Even when one doesn’t care about the specific issues being discussed, the IFRS comment letter process is an informative case study in the diversity of human thought…
Take for example the recent exposure draft on the equity method of accounting, intended to “provide preparers with solutions to long-standing application difficulties.” I already commented that I don’t have much interest in the proposals, as the IASB’s better move would be to discontinue the equity method altogether (some respondents said much the same thing). But as it’s out there, it does provide a moderately interesting object of study. To illustrate, let’s take the basic issue of the cost of an associate or joint venture. The exposure draft proposes defining this as “Fair value of the consideration transferred, including the fair value of any previously held ownership interest (or any investment retained) in the associate or joint venture, measured at the date an investor obtains significant influence or a joint venturer obtains joint control.” In the IASB’s analysis, this proposed definition should address some of the diversity currently encountered in practice.
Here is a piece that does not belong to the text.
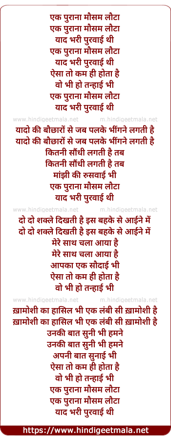 Lyrics of Ek Purna Mausam Lauta - एक पुराना मौसम लौटा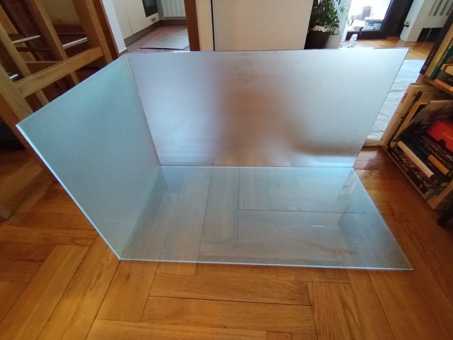 Prodajem zaštitno staklo s tri površine (kao pravokutni akvarij bez jedne dulje i jedne kraće stranice).

The proposal doesn’t address related transaction costs, but that seems to have been because the IASB didn’t think it was necessary, noting in a staff paper that IFRIC had previously considered the issue and decided not to add it to its agenda. The staff also noted in that paper: “the purpose of the project is to develop answers to application questions on applying the equity method. We reviewed the initial input from constituents and did not find questions about how to recognize acquisition-related costs.” Given this fact, and the absence of a “quick” answer in IFRS (because one’s view might differ depending on whether one analogizes with acquiring an asset or with acquiring a subsidiary, among other things), the exposure draft ended up being silent on the issue.
Some high-profile respondents, such as the UK Endorsement Board, simply supported the proposed definition without further elaboration. But some others, such as the Austrian Financial Reporting Advisory Committee, zoomed in on the transaction costs issue:
- The ED does not specify whether transaction costs should be included in the carrying amount of the investment. The treatment of transaction costs should be dependent on whether the equity method is considered as a measurement basis or as a one-line consolidation. If the equity method is seen as a measurement basis, transaction costs should be added to the cost of the underlying investment. Under the view of the equity method as pure consolidation approach, transaction costs should be treated according to the principles in IFRS 3 and accordingly should be immediately expensed in profit or loss. We recommend that the IASB clarifies which view should prevail. Clarifying the treatment of transaction costs would avoid creating a new source of diversity in practice. As transaction costs for investments in equity instruments are expensed under other standards, i.e. IFRS 9 and IFRS 3, we suggest that this treatment should also be used for investments under IAS 28.
PricewaterhouseCoopers also commented on that issue, and suggested an alternative way to go:
- To provide a practical solution to this question and to drive consistency of application, we think that the definition of “Cost of the associate or joint venture’ should include transaction costs. This would be consistent with the Conceptual Framework for financial reporting where the value of the costs incurred in acquiring an asset comprises the consideration paid plus transaction costs. In addition, we think that the Basis for Conclusions should include an explanation that this is a practical fix to drive consistency only, and it does not intend to answer the underlying conceptual question or suggest that the acquisition of an associate or joint venture should be considered the acquisition of an asset and not a business.
Many other respondents addressed the matter as well, some suggesting their preferred treatment (generally consistent with PWC’s suggestion), others only requesting that the issue be clarified one way or the other. But presumably many of those respondents had seen the staff paper cited above, or were otherwise well aware that the IASB hadn’t just overlooked the issue, and one wonders whether they were truly worried about the possible creation of (to quote the above) a new source of diversity in practice. After all, no financial statement analysis and resulting investment decision will ever remotely turn on whether or not the initial recognition amount of a newly-acquired associate included transaction costs. One wonders whether, in raising the issue, some of the respondents were primarily engaging in a form of self-branding, using the comment letter to flag to others (or maybe even to themselves) their thoroughness. Or alternatively (because I don’t merely mean to be cynical) it truly bothers them that IFRS, no matter how principle-based, should leave any pluggable hole unplugged. As I said, it’s an informative case study, for how even a relatively tiny issue can trigger a multiplicity of reactions…
The opinions expressed are solely those of the author.